Consider further references by Brown et al. on home-based records, more on timeliness and references on the Global Vaccine Action Plan (GVAP), see: http://www.who.int/immunization/global_vaccine_action_plan/GVAP_doc_2011_2020/en/

I have read this submission. I believe that I have an appropriate level of expertise to confirm that it is of an acceptable scientific standard, however I have significant reservations, as outlined above.

General comments

We commend the authors for choosing a very topical issue for the manuscript. However, we have concerns with the amalgamation of data from different years in different countries. For example, the authors combine 2008 data from Ghana and 2014 data from Togo, to give an overall estimate of vaccination coverage in West Africa. To which year did the authors assign the 49% mean vaccination coverage for West Africa? In the same vein, if the authors were asked to assess whether West Africa achieved the GVAP coverage target for 2015 (using the two countries mentioned above as examples), would they be comfortable combining 2009 data for Ghana and 2015 coverage data for Togo to give 2015 figures for the region?

Specific comments  Overall, we read the manuscript with great interest and appreciate the efforts of the authors.

In the abstract, the authors should mention the years for the coverage data.

We do not think that the average coverage reported for West Africa is informative, for the reason stated above.

For the average coverage data, the median and range would be more informative than mean and range.

The authors refer to “…a trend of increasing vaccination coverage…” in the abstract. If this trend is over time, would it not be helpful to indicate the years of interest?

We found it difficult to understand the concept of “risk factor for full immunization coverage” in this study. Could there be a more informative phrase than “risk factor” in this context?

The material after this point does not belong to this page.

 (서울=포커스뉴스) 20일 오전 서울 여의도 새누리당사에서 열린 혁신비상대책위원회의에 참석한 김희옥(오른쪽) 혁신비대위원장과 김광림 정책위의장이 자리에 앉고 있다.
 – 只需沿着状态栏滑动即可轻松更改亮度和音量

Is maternal education a risk factor for vaccination in a similar sense to smoking being a risk for lung cancer?

Given that vaccination coverage was assessed from records in vaccination cards, we doubt whether it is appropriate to put “possession of a vaccination card” in the multivariate logistic regression model.

It would be helpful in the abstract, to provide the effect estimates and their 95% confidence intervals for the respective effects on vaccination coverage of maternal education, delivery in a health facility, etc.

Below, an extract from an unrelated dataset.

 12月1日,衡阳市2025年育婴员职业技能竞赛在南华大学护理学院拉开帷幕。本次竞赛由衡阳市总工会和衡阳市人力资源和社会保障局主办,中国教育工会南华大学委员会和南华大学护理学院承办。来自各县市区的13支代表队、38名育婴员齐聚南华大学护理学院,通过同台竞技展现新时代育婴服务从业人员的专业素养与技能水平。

The authors report “Chi-square tests were utilized in univariate analyses to examine associations between FIC and possible risk factors”. Should the analyses be referred to as “bivariate”, given that the authors examined the relationship between two variables?

We have read this submission. We believe that we have an appropriate level of expertise to confirm that it is of an acceptable scientific standard, however we have significant reservations, as outlined above.

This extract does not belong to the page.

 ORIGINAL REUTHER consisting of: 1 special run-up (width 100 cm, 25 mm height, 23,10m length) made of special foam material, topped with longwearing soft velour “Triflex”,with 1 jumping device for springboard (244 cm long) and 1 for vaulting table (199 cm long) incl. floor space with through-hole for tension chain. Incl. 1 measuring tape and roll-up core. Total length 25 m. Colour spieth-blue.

I think the study is generally well written and well presented. The analyses are generally appropriate; however there are a few details that need to be checked and clarified.

Major revision:

When vaccination cards were used to obtain immunization information, can they then be assessed as a factor in a multivariable regression analysis on whether they were fully vaccinated (particularly as parent recall of individual vaccines is challenging)?

Nevertheless, for the point of the discussion and independent of this paper, there are good reasons to believe vaccination cards are of importance for obtaining appropriate and timely immunization.

Minor revisions:

Timeliness of vaccination can also impact on vaccine efficacy. Please add a section on timeliness of vaccination in the discussion.

I have read this submission. I believe that I have an appropriate level of expertise to confirm that it is of an acceptable scientific standard, however I have significant reservations, as outlined above.